Bagi saya, bila pelambatan ekonomi diakibatkan dari efisiensi di birokrasi pemerintahan yang menyebabkan serapan belanja pemerintahan rendah, atau karena konsumsi barang barang impor turun drastis, tidaklah menjadi masalah. Sebagai contoh saja, pertumbuhan ekonomi Jepang cuma di kisaran 1% - 1,2% sementara pertumbuhan ekonomi Indonesia masih di kisaran 4,67%. Melambat memang dari 5,02% di tahun 2014, tapi jika itu dikarenakan efisiensi dan menurunnya konsumsi barang impor tentu itu bisa diterima, apalagi faktor eksternal saat ini juga tidak mendukung.
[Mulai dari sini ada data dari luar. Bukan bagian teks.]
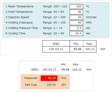 今回、右図に示すような Excel Sheet を用意しました。表中に成形条件を入力すると、仮定として、それらの条件に基づいて成形されたパーツの寸法が表示されるようになっています。もちろん擬似的なものですが、この得られた寸法値をスペック内に収められる最適条件を、統計的手法を用いて見つけていくトライをしてみたいと思います。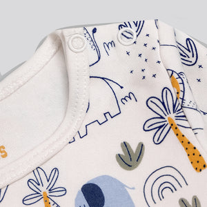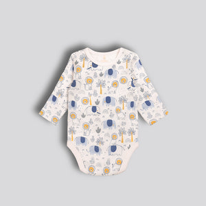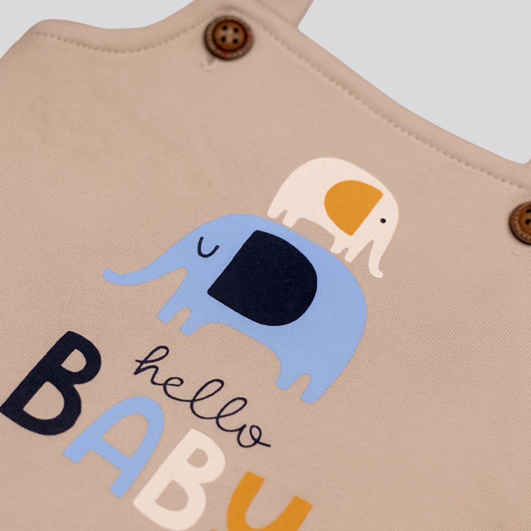 Cute dungaree outfit made for Preemie, Newborn, 0–1 M and to 0–3 M baby. The top includes a soft jungle print pattern, while the dungaree shows a pretty lion on the front side. The cloth feels smooth and gentle on the skin. The straps adjust easily so the fit stays comfy. Snap buttons at the bottom help parents change diapers fast. The set stays light, soft, and easy for daily wear.

Laju pemerintahan Jokowi diiringi dengan tekanan luar biasa; tidak boleh impor produk pertanian, tidak boleh utang, tidak boleh investasi asing, cabut subsidi dihujat, menaikkan tarif listrik dilarang keras, ruang fiskal sempit. Selain itu, tuntutan rakyat juga tinggi; gaji buruh minta naik tinggi, gaji PNS dan sertifikasi guru dinaikkan, ditambah gaji 13, gaji 14, dan lain sebagainya. Pegawai honorer pun harus diangkat. Pembangunan listrik, jalan, dan infrastruktur lainnya juga harus tetap dikebut. Padahal, mereka yang dulu tidak memilih Jokowi juga paling kenceng menagih janji. Pertumbuhan ekonomi tetap harus tinggi. Mereka lupa pemerintah ini baru berjalan setahun, tapi sudah ditagih tiap bulan. Sapi aja butuh waktu dua tahun baru bisa dipotong.